INPUT DATA:

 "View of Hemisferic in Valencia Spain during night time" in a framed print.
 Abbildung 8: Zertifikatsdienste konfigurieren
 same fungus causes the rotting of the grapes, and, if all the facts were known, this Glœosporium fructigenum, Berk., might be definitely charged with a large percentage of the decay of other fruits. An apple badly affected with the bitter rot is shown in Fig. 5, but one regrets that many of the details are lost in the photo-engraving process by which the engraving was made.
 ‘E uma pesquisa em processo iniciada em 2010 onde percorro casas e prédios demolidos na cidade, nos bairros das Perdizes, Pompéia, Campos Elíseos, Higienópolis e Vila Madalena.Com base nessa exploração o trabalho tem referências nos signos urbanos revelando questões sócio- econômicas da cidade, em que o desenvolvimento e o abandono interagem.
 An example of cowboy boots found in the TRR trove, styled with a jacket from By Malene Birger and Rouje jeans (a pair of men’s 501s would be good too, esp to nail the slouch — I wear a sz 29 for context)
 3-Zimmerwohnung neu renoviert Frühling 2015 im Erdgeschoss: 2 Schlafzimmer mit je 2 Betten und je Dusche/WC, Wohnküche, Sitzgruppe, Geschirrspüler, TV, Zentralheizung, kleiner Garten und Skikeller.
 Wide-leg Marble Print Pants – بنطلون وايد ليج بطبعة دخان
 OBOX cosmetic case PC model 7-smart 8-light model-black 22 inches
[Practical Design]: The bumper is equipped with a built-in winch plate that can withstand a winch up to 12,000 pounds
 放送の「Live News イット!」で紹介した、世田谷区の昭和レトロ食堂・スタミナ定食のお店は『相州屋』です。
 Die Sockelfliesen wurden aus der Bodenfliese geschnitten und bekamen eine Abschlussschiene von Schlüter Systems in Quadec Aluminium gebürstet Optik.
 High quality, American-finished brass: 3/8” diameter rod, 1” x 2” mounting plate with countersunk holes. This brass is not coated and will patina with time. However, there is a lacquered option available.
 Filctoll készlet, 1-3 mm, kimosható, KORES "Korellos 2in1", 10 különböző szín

WORK TASK: Every record above is to be copied exactly.

ANSWER:
 "View of Hemisferic in Valencia Spain during night time" in a framed print.
 Abbildung 8: Zertifikatsdienste konfigurieren
 same fungus causes the rotting of the grapes, and, if all the facts were known, this Glœosporium fructigenum, Berk., might be definitely charged with a large percentage of the decay of other fruits. An apple badly affected with the bitter rot is shown in Fig. 5, but one regrets that many of the details are lost in the photo-engraving process by which the engraving was made.
 ‘E uma pesquisa em processo iniciada em 2010 onde percorro casas e prédios demolidos na cidade, nos bairros das Perdizes, Pompéia, Campos Elíseos, Higienópolis e Vila Madalena.Com base nessa exploração o trabalho tem referências nos signos urbanos revelando questões sócio- econômicas da cidade, em que o desenvolvimento e o abandono interagem.
 An example of cowboy boots found in the TRR trove, styled with a jacket from By Malene Birger and Rouje jeans (a pair of men’s 501s would be good too, esp to nail the slouch — I wear a sz 29 for context)
 3-Zimmerwohnung neu renoviert Frühling 2015 im Erdgeschoss: 2 Schlafzimmer mit je 2 Betten und je Dusche/WC, Wohnküche, Sitzgruppe, Geschirrspüler, TV, Zentralheizung, kleiner Garten und Skikeller.
 Wide-leg Marble Print Pants – بنطلون وايد ليج بطبعة دخان
 OBOX cosmetic case PC model 7-smart 8-light model-black 22 inches
[Practical Design]: The bumper is equipped with a built-in winch plate that can withstand a winch up to 12,000 pounds
 放送の「Live News イット!」で紹介した、世田谷区の昭和レトロ食堂・スタミナ定食のお店は『相州屋』です。
 Die Sockelfliesen wurden aus der Bodenfliese geschnitten und bekamen eine Abschlussschiene von Schlüter Systems in Quadec Aluminium gebürstet Optik.
 High quality, American-finished brass: 3/8” diameter rod, 1” x 2” mounting plate with countersunk holes. This brass is not coated and will patina with time. However, there is a lacquered option available.
 Filctoll készlet, 1-3 mm, kimosható, KORES "Korellos 2in1", 10 különböző szín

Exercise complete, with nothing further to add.